— Brief —
Restate word for word every line from the top of the data below down through the line that holds "Ví Clutch cầm".

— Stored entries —
╭──

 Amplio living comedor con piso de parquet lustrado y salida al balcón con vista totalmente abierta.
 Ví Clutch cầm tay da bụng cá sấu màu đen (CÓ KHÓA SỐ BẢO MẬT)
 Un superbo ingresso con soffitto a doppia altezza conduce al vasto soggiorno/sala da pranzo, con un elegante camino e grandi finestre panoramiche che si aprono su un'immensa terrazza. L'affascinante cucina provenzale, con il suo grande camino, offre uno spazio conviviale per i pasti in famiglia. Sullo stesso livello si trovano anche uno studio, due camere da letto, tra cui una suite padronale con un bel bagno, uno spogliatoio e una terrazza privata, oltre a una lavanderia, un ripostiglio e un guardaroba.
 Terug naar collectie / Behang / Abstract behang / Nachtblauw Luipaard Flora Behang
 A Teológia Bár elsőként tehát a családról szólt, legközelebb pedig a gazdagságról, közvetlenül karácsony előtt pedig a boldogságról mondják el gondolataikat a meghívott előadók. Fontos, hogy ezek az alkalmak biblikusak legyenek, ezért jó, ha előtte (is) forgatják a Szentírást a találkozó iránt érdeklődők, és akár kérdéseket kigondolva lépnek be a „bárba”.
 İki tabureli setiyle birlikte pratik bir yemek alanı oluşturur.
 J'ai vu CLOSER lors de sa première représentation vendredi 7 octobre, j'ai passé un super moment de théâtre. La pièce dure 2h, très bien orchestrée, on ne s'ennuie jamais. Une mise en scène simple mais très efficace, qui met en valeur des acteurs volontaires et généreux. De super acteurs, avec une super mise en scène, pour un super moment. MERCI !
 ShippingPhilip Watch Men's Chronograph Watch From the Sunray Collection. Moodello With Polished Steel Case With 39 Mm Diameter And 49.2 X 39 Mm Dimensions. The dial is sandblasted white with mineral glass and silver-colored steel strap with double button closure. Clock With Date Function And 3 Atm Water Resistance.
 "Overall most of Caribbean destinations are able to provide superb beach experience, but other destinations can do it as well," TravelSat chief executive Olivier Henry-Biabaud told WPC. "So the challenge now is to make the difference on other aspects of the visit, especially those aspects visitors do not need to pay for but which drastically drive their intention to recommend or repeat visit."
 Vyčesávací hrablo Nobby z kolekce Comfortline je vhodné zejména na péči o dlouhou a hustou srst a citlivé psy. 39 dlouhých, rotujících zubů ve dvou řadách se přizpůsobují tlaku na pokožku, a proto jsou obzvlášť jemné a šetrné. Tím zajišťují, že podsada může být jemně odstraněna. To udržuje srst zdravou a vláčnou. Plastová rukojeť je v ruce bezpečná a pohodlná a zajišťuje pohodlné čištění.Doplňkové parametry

╰──

— Exercise output —
 Amplio living comedor con piso de parquet lustrado y salida al balcón con vista totalmente abierta.
 Ví Clutch cầm tay da bụng cá sấu màu đen (CÓ KHÓA SỐ BẢO MẬT)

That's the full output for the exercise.